Question

How do you solve ${\tan ^2}x - 3 = 0$ ?

Answer 1

In this question, we are given a trigonometric equation and we have been asked to solve it. Basically, we have been asked to find the value of $x$. Shift the constant term to the other side. Then, find the square root on both the sides.
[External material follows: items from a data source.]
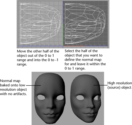If both halves of the geometry are rendered into the normal map on top of each other, the mirroring of the normals introduces artifacts into the combined result. Therefore, you need to specify which half of the geometry defines the normal map (and which half just uses it).
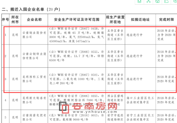 根据《云南省城镇人口密集区危险化学品生产企业搬迁改造名单》,共42家危化品企业被列入了搬迁改造名单,其中要搬迁的企业共20家,包括了位于五华区普吉街道的3家企业:即云南铜业股份有限公司、云南云铜锌业股份有限公司、昆明西科工贸有限公司,这3家公司都是云铜集团旗下的企业,而云铜的前身为昆明人熟知的云南冶炼厂。
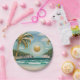 Tauchen Sie ein in ein fantastisches tropisches Paradies, in dem das goldene Licht der Sonne die Welt verändert. Dieses skurrile Kunstwerk vereint eine ruhige Strandlandschaft, in der der Sand mit einem weichen, warmen Licht glänzt. Hochwertige Palmen und majestätische Klippen sind nicht nur Silhouetten gegen den Himmel, sondern werden in reinem Gold gehalten, was die strahlende Brillanz der Sonne widerspiegelt. Das Wasser klettert sanft am Ufer und lädt Sie ein, in eine Welt der reinen Fantasie zu treten und zu entkommen.
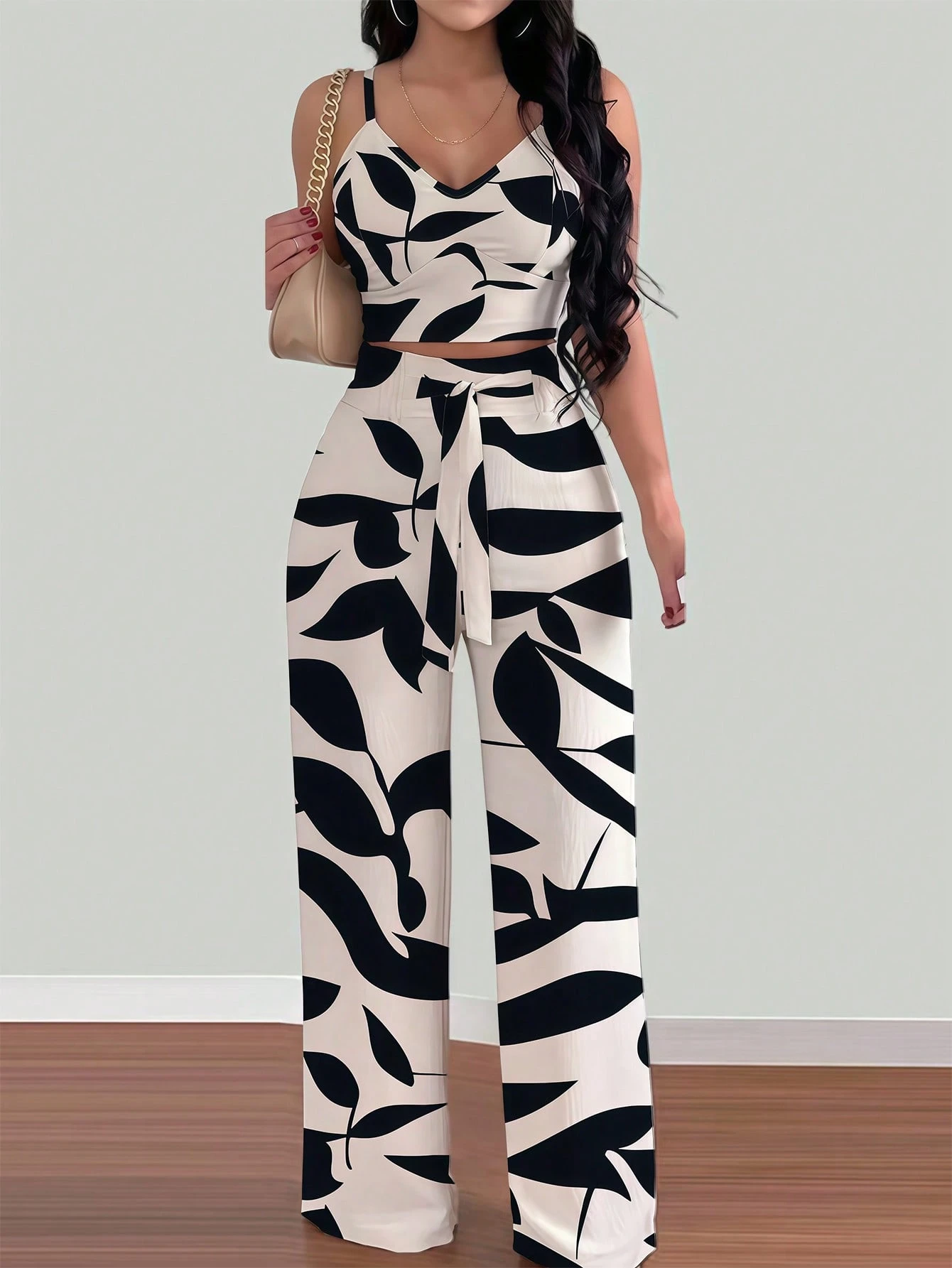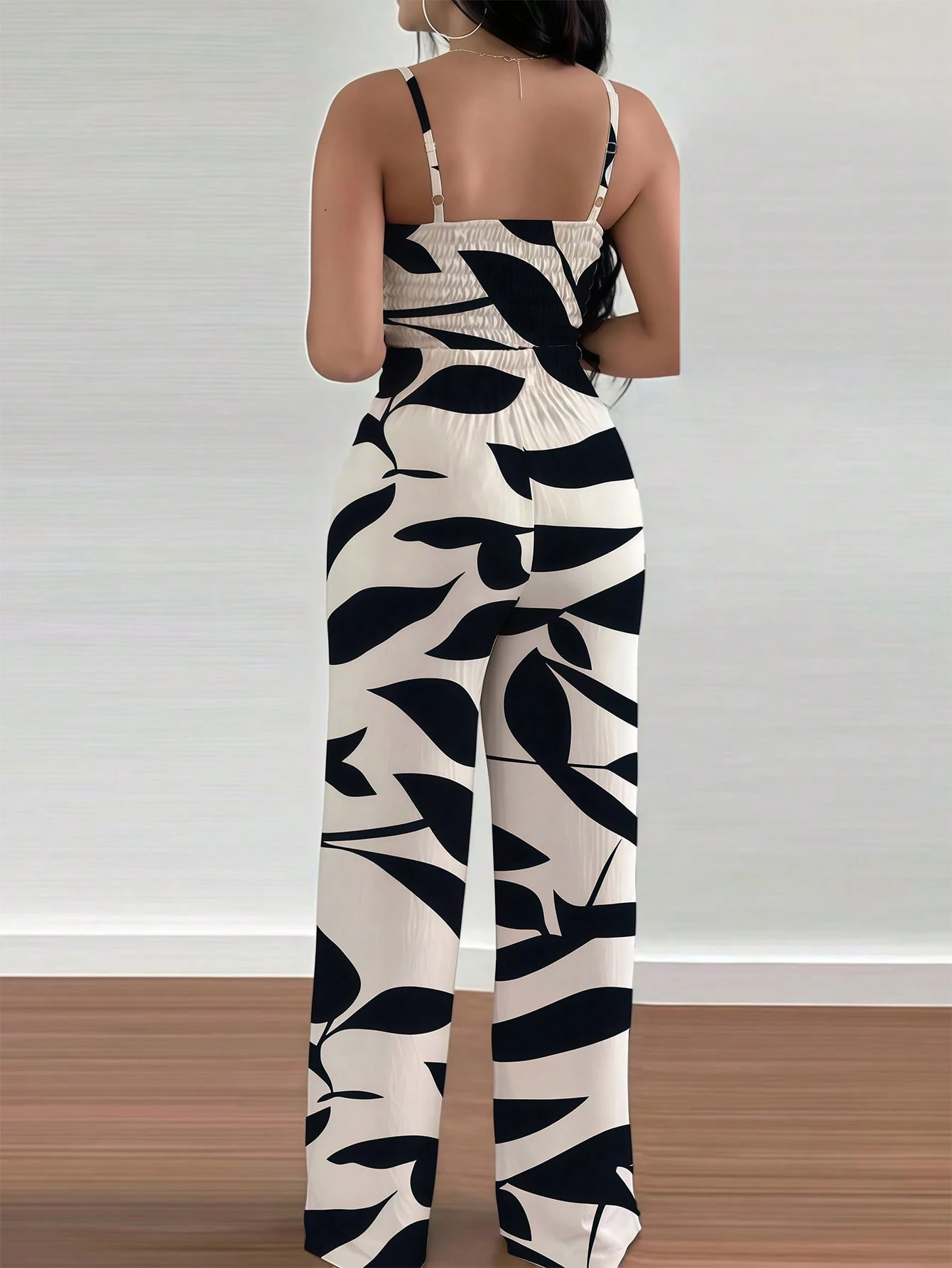 Conjunto con estampado floral, tirantes de espagueti, cintura elástica y lazo

Complete step-by-step answer:
We are given an equation and we have been asked to solve it. Let us see how it is to be done.
$\Rightarrow {\tan ^2}x - 3 = 0$ …. (given)
Shifting the constant term to the other side,
$\Rightarrow {\tan ^2}x = 3$
Now, we will square root both the sides.
$\Rightarrow \sqrt {{{\tan }^2}x} = \sqrt 3$
On simplifying, we get,
$\Rightarrow \tan x = \pm \sqrt 3$
Since $\tan x$ is both negative and positive in different quadrants, we will consider both the values.
But since there can be many values of $x$, how shall we find so many values?
In such a case, we will use the formula of general solution of trigonometric ratios.
We can write $\tan x = \pm \sqrt 3$ as $\tan x = \tan \dfrac{\pi }{3}$.
The formula of general solution of $\tan x$ is –
If $\tan x = \tan \alpha$ then, $x = n\pi + \alpha$.
Using this formula in this question,
$\Rightarrow x = n\pi + \dfrac{\pi }{3}$

Hence, $x = n\pi + \dfrac{\pi }{3}$

Note:
We could have also used the identity of ${a^2} - {b^2}$ to solve the given equation. Let us see how it is to be done.
We can also write ${\tan ^2}x - 3 = 0$ as ${\left( {\tan x} \right)^2} - {\left( {\sqrt 3 } \right)^2} = 0$.
Comparing with the identity, let $a = \tan x$ and $b = \sqrt 3$.
The identity goes like this –
$\Rightarrow {a^2} - {b^2} = \left( {a + b} \right)\left( {a - b} \right)$
Hence, ${\left( {\tan x} \right)^2} - {\left( {\sqrt 3 } \right)^2} = \left( {\tan x + \sqrt 3 } \right)\left( {\tan x - \sqrt 3 } \right)$.
Putting each factor equal to $0$,$\tan x + \sqrt 3 = 0,\tan x - \sqrt 3 = 0$.
We will get, $\tan x = \sqrt 3 , - \sqrt 3$
Now, we know that $\tan x$ has this value at numerous places. So, what value of x should be considered? To avoid this confusion, we use the general formula of x.
If $\tan x = \tan \alpha$ then, $x = n\pi + \alpha$.
Using this formula in this question,
$\Rightarrow x = n\pi + \dfrac{\pi }{3}$
Hence, $x = n\pi + \dfrac{\pi }{3}$.